[Stored records]
______

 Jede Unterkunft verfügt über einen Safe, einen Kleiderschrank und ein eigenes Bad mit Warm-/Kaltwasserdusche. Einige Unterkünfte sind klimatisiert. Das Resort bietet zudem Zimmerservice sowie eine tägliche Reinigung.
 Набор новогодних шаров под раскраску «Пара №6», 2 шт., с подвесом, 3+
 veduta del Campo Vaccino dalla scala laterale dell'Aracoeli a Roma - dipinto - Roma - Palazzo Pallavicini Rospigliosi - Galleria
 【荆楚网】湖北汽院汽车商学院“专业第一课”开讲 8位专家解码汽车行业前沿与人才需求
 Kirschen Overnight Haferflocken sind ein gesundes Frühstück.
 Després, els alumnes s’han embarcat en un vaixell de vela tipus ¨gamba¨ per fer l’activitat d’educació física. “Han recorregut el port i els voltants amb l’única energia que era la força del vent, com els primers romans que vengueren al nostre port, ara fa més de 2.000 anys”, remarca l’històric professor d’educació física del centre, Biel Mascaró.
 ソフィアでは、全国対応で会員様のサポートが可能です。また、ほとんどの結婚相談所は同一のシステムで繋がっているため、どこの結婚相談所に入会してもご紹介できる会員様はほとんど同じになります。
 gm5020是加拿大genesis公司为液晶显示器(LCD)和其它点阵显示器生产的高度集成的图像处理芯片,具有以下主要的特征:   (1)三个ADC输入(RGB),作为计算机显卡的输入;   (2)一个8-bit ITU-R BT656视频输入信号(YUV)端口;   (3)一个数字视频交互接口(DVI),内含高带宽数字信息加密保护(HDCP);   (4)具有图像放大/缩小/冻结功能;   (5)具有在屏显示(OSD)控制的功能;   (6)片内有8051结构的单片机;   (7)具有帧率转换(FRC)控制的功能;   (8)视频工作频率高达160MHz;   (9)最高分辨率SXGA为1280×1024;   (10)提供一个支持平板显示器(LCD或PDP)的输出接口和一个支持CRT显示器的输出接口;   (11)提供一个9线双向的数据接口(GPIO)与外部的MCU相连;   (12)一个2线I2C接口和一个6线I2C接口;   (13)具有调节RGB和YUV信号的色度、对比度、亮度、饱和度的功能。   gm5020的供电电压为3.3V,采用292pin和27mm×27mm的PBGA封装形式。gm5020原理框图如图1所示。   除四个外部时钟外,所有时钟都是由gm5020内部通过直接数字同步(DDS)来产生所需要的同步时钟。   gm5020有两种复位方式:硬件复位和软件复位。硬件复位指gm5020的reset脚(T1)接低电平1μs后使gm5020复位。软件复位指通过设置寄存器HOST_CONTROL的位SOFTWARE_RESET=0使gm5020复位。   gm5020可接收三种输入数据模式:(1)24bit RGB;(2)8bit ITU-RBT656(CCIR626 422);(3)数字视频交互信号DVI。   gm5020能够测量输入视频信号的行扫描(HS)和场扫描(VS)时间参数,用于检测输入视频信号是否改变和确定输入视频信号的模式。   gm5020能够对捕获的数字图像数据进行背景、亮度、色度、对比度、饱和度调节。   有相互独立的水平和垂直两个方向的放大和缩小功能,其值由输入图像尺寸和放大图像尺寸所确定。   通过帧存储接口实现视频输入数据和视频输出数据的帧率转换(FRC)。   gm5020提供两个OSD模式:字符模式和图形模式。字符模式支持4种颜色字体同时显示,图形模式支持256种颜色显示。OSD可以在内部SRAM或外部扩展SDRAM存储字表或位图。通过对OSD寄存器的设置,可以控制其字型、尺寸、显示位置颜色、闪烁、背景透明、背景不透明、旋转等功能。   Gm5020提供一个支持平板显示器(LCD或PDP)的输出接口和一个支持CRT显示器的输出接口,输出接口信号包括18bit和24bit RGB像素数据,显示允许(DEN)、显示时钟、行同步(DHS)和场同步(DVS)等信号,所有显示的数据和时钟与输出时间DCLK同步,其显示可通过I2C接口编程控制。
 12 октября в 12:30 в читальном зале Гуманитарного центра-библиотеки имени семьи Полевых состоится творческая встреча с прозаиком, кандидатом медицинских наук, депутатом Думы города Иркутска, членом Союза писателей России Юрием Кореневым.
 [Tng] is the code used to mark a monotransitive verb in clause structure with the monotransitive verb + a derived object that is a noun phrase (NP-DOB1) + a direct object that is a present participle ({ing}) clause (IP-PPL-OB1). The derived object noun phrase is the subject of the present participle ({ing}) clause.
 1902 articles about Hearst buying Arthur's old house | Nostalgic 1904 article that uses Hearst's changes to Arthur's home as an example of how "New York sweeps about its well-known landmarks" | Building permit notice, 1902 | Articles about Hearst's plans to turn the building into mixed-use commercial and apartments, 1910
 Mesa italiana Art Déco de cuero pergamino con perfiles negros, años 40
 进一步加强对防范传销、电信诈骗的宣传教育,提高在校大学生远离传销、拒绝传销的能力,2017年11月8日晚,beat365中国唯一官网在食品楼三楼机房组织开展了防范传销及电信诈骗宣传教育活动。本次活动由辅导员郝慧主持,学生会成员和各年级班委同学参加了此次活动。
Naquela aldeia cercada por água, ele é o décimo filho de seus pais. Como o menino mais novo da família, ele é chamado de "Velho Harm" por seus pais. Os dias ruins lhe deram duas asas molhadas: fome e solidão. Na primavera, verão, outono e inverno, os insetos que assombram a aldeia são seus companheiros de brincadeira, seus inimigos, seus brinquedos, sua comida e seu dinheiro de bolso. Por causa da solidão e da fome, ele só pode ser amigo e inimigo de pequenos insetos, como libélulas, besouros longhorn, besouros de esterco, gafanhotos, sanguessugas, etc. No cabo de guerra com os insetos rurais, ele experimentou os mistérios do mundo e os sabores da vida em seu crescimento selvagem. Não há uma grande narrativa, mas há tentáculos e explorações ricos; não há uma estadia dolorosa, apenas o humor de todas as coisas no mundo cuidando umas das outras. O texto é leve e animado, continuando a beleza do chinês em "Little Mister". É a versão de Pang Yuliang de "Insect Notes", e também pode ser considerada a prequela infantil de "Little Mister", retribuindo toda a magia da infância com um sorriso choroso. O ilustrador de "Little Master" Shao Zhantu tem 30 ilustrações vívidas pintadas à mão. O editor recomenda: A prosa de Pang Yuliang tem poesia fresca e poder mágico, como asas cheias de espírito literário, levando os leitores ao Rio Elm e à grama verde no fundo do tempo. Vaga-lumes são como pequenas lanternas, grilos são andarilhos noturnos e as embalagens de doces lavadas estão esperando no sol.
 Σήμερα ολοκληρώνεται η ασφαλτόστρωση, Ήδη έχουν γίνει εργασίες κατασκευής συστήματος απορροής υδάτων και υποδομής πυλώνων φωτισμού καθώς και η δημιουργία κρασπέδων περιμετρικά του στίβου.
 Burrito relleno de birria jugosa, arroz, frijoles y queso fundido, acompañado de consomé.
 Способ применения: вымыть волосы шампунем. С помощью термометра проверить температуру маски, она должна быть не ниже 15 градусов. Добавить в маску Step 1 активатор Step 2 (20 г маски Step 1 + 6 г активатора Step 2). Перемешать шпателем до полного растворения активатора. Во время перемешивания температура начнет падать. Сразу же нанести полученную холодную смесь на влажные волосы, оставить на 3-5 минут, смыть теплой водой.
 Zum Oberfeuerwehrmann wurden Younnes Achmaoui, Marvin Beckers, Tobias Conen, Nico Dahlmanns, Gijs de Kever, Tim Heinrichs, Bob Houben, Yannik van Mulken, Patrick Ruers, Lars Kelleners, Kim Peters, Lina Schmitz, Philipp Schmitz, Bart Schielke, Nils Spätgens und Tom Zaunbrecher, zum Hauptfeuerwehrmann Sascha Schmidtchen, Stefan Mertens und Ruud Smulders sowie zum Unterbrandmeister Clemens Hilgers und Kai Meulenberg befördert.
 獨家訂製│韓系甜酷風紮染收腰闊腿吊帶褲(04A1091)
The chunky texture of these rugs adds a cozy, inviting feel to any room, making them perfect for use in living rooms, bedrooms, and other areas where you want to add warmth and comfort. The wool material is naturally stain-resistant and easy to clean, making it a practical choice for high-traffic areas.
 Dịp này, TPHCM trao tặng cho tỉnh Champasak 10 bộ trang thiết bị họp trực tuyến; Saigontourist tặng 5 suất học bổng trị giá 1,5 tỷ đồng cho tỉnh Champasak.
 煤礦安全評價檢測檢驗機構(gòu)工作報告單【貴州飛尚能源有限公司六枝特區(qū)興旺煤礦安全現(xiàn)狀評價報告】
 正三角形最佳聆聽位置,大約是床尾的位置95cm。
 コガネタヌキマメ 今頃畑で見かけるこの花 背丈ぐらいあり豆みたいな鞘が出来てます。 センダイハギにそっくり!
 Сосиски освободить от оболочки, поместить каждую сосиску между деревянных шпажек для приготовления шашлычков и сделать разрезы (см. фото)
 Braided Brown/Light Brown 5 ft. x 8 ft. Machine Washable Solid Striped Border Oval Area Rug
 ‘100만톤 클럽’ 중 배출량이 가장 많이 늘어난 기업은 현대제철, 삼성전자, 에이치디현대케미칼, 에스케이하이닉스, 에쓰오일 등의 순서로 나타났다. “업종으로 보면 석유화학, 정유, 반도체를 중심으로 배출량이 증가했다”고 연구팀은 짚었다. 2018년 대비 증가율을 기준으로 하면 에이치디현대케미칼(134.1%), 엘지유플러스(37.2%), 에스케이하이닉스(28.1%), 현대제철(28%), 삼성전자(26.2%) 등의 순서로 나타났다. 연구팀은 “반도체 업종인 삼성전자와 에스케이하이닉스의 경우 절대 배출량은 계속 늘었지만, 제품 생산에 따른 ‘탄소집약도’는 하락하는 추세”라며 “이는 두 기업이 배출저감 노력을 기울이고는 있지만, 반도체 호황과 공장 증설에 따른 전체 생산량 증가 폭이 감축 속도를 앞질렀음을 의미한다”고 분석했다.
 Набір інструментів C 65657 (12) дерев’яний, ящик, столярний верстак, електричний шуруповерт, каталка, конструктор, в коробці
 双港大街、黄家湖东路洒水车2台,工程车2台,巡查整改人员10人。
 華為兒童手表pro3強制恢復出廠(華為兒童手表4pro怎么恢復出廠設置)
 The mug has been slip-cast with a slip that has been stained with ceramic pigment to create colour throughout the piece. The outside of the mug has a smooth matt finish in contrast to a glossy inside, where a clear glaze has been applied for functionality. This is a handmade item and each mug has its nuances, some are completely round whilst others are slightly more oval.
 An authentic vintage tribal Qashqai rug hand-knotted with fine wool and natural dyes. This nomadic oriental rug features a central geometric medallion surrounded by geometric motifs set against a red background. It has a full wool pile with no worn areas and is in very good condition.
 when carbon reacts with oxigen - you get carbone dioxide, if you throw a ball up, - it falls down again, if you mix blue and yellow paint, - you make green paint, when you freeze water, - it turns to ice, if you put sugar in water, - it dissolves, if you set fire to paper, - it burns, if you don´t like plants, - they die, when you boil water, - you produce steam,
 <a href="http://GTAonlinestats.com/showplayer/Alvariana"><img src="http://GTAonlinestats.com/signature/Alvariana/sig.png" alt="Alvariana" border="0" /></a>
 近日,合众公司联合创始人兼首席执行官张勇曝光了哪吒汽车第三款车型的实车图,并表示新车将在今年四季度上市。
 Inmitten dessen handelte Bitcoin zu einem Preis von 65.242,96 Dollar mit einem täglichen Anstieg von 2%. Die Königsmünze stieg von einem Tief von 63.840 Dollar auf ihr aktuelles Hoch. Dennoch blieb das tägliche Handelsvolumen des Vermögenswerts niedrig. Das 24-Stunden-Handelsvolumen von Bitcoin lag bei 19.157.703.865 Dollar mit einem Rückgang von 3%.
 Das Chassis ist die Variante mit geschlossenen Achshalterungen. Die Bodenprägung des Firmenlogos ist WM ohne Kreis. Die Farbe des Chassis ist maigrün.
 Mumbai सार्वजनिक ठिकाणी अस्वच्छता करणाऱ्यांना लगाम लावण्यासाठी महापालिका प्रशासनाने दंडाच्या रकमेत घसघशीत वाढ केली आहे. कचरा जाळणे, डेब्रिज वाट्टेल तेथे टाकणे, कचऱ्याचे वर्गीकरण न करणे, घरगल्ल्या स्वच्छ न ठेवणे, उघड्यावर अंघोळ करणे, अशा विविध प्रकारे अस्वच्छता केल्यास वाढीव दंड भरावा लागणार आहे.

______

§ **EXERCISE BRIEF**: Write down again, exactly as given, only the lines above that fall from the line with "Набір інструментів C" to the line with "The mug has been", inclusive.

§ **EXERCISE RESULT**:
 Набір інструментів C 65657 (12) дерев’яний, ящик, столярний верстак, електричний шуруповерт, каталка, конструктор, в коробці
 双港大街、黄家湖东路洒水车2台,工程车2台,巡查整改人员10人。
 華為兒童手表pro3強制恢復出廠(華為兒童手表4pro怎么恢復出廠設置)
 The mug has been slip-cast with a slip that has been stained with ceramic pigment to create colour throughout the piece. The outside of the mug has a smooth matt finish in contrast to a glossy inside, where a clear glaze has been applied for functionality. This is a handmade item and each mug has its nuances, some are completely round whilst others are slightly more oval.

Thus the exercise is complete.